* **Given data**
#####

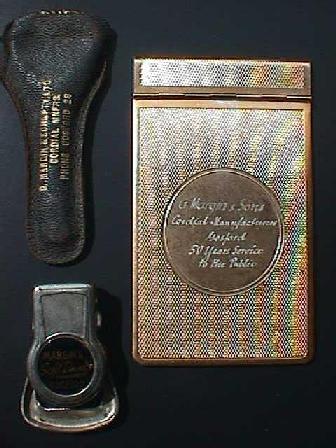 A. Black, leather holder for bottle opener. B. Margin bottle opener. C. Metal pad-holder presented to the Point Clare General store by Margin and Sons in 1956. Point Clare store proprietor: John Montgomery's parents. Pad-holder reads: "MARGIN & SONS CORDIAL MANUFACTURERS GOSFORD 50 YEARS SERVICE TO THE PUBLIC". |
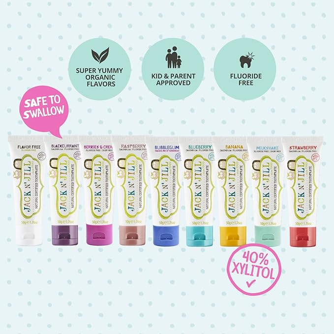 - FLUORIDE FREE - Made with organic fruit flavorings, natural ingredients, 40% Xylitol and free of fluoride, sugar, and artificial additives, it's a choice parents and kids can feel good about!
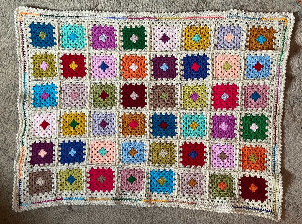 A while ago I began a blanket with a wide range of colours. It was ordered by a customer who was very specific, and especially about the joining colour.
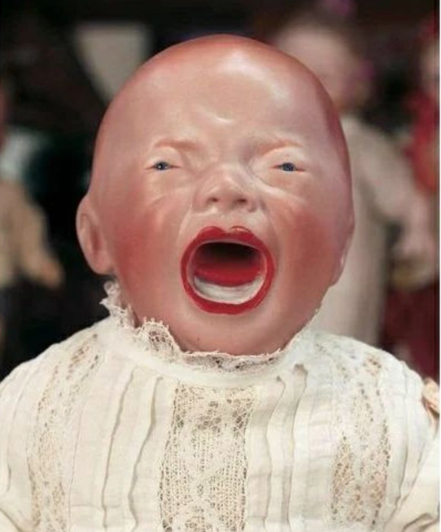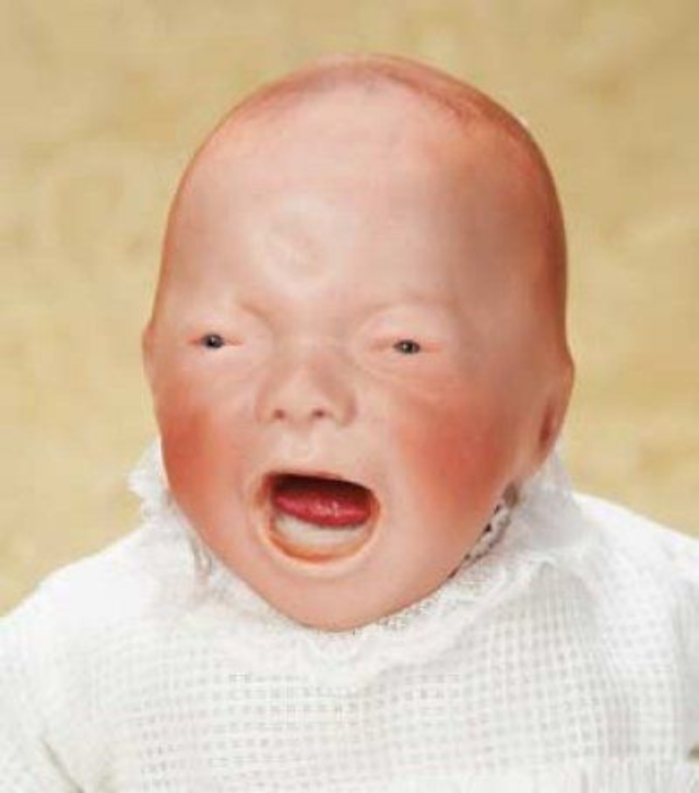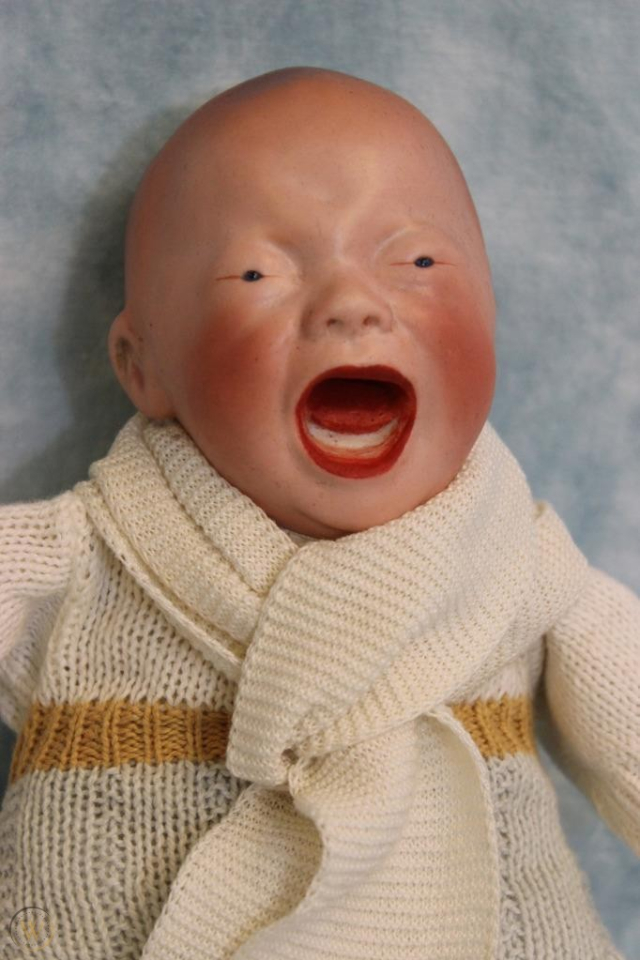 Screaming baby dolls made from bisque porcelain by German dollmaker Kestner around 1920. This doll gives me such a visceral stress response.

#####

* **The problem**
When you write out the material, reproduce each line exactly and omit any picture it holds.

* **Exercise response**
 A. Black, leather holder for bottle opener. B. Margin bottle opener. C. Metal pad-holder presented to the Point Clare General store by Margin and Sons in 1956. Point Clare store proprietor: John Montgomery's parents. Pad-holder reads: "MARGIN & SONS CORDIAL MANUFACTURERS GOSFORD 50 YEARS SERVICE TO THE PUBLIC". |
 - FLUORIDE FREE - Made with organic fruit flavorings, natural ingredients, 40% Xylitol and free of fluoride, sugar, and artificial additives, it's a choice parents and kids can feel good about!
 A while ago I began a blanket with a wide range of colours. It was ordered by a customer who was very specific, and especially about the joining colour.
 Screaming baby dolls made from bisque porcelain by German dollmaker Kestner around 1920. This doll gives me such a visceral stress response.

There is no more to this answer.